DATA PROVIDED:
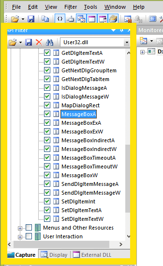 API Monitor에서 File > Monitor New Process 를 선택 하고 파일 경로를 설정합니다. 프로세스를 실행하면 호출된 함수 목록이 표시됩니다. MessageBox를 찾아 보겠습니다.
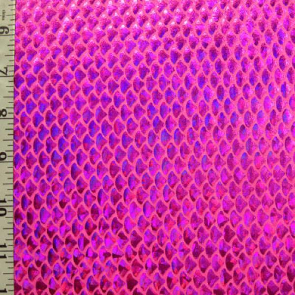 This is a Medium-Weight Holographic Small Mermaid Metallic Foil on Nylon Spandex Fabric, With a 4 Way Stretch, Fuchsia Colored
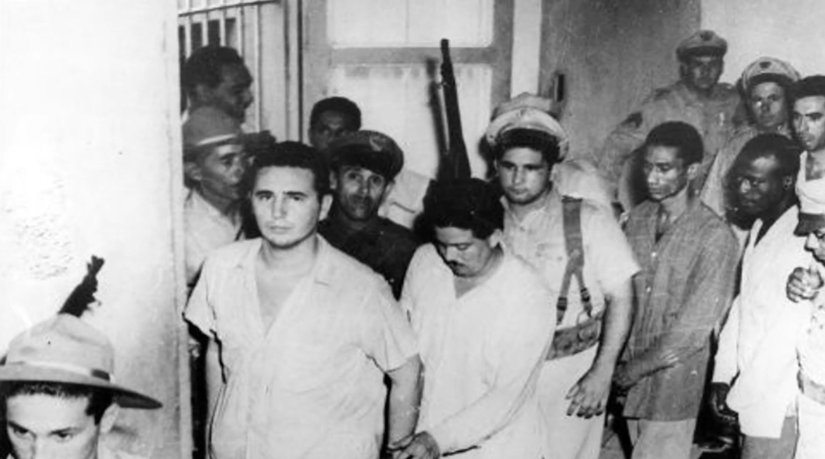 26 temmuz 1953 yılında Fidel Castro ve onun gibi düşünen bazı öğrenciler ilk silahlı direnişi başlatmışlar ve Moncada askeri kışlasına saldırı gerçekleştirmişlerdir. Bu ilk saldırı büyük bir başarısızlıkla sonuçlanmıştı. Fidel Castronun birçok arkadaşı burada can vermişti. Kalanlarda tutuklanıp hapise atıldılar. Fidel Castro ve kardeşi Raul Castro da tutuklananlar arasındaydı. Bu baskında yer alan Fidelin birçok arkadaşı öldürülmüştü. Hapse atılanların çoğu da adil olmayan yargılamalarla infaz edilmişlerdi. Ancak Fidel Castroyu yakalayan subay biraz insaflı birisiydi. Fidel ve Raul Castro kardeşler idam edilmediler, yargılandılar. İdam edilmemelerinin sebeplerinden biri de Fidelin kayınpederinin Batista'nın Bakanlarından birisi olmasıydı. Fidel avukat olduğu için kendi savunmasını kendisi yaptı ve orada tarihe geçecek olan şu sözleri söyleydi: "Beni mahkum edin, önemli değil tarih beni bağışlayacak". Fidel Castro 15 yıl hapis cezası almıştı.
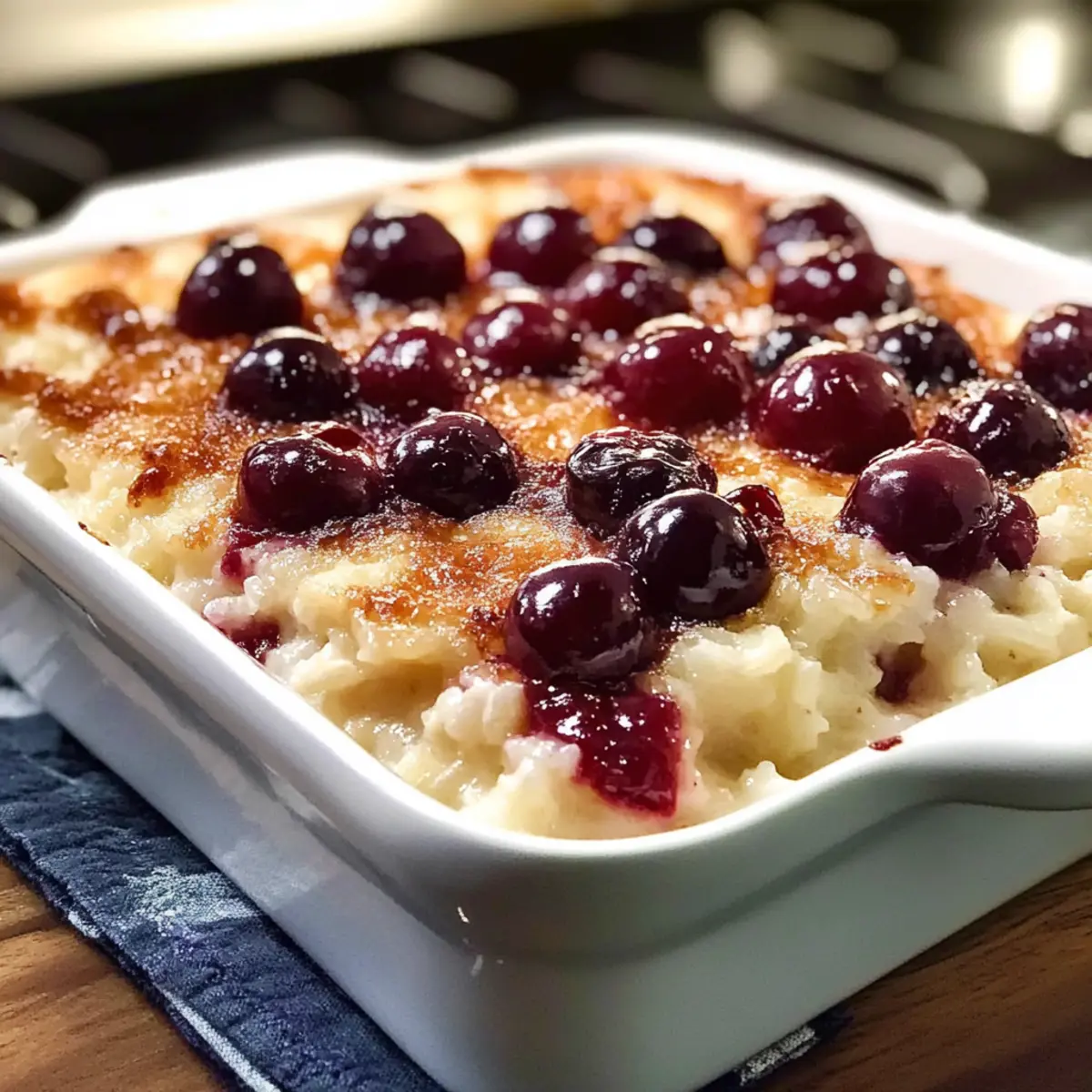 Optisch: Mit seiner cremigen Textur und den saftigen Kirschen ist dieser Auflauf nicht nur lecker, sondern auch ein echter Hingucker!
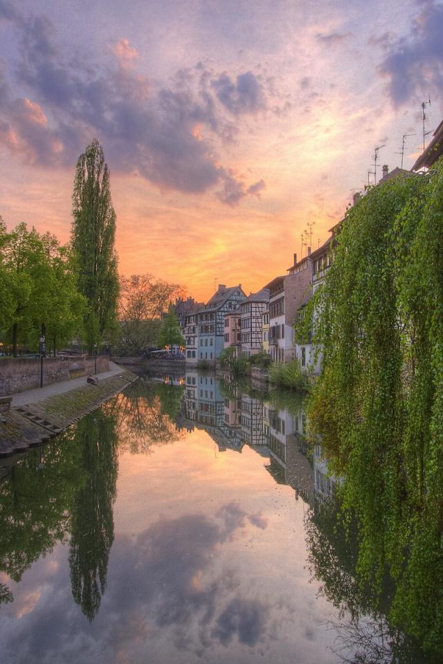 Wallpaper Green tree hangs up water channel

YOUR OBJECTIVE: Repeat exactly the lines from the start of the entries down to the line with "This is a Medium-Weight", keeping both ends but none of the pictures.

TASK RESPONSE:
 API Monitor에서 File > Monitor New Process 를 선택 하고 파일 경로를 설정합니다. 프로세스를 실행하면 호출된 함수 목록이 표시됩니다. MessageBox를 찾아 보겠습니다.
 This is a Medium-Weight Holographic Small Mermaid Metallic Foil on Nylon Spandex Fabric, With a 4 Way Stretch, Fuchsia Colored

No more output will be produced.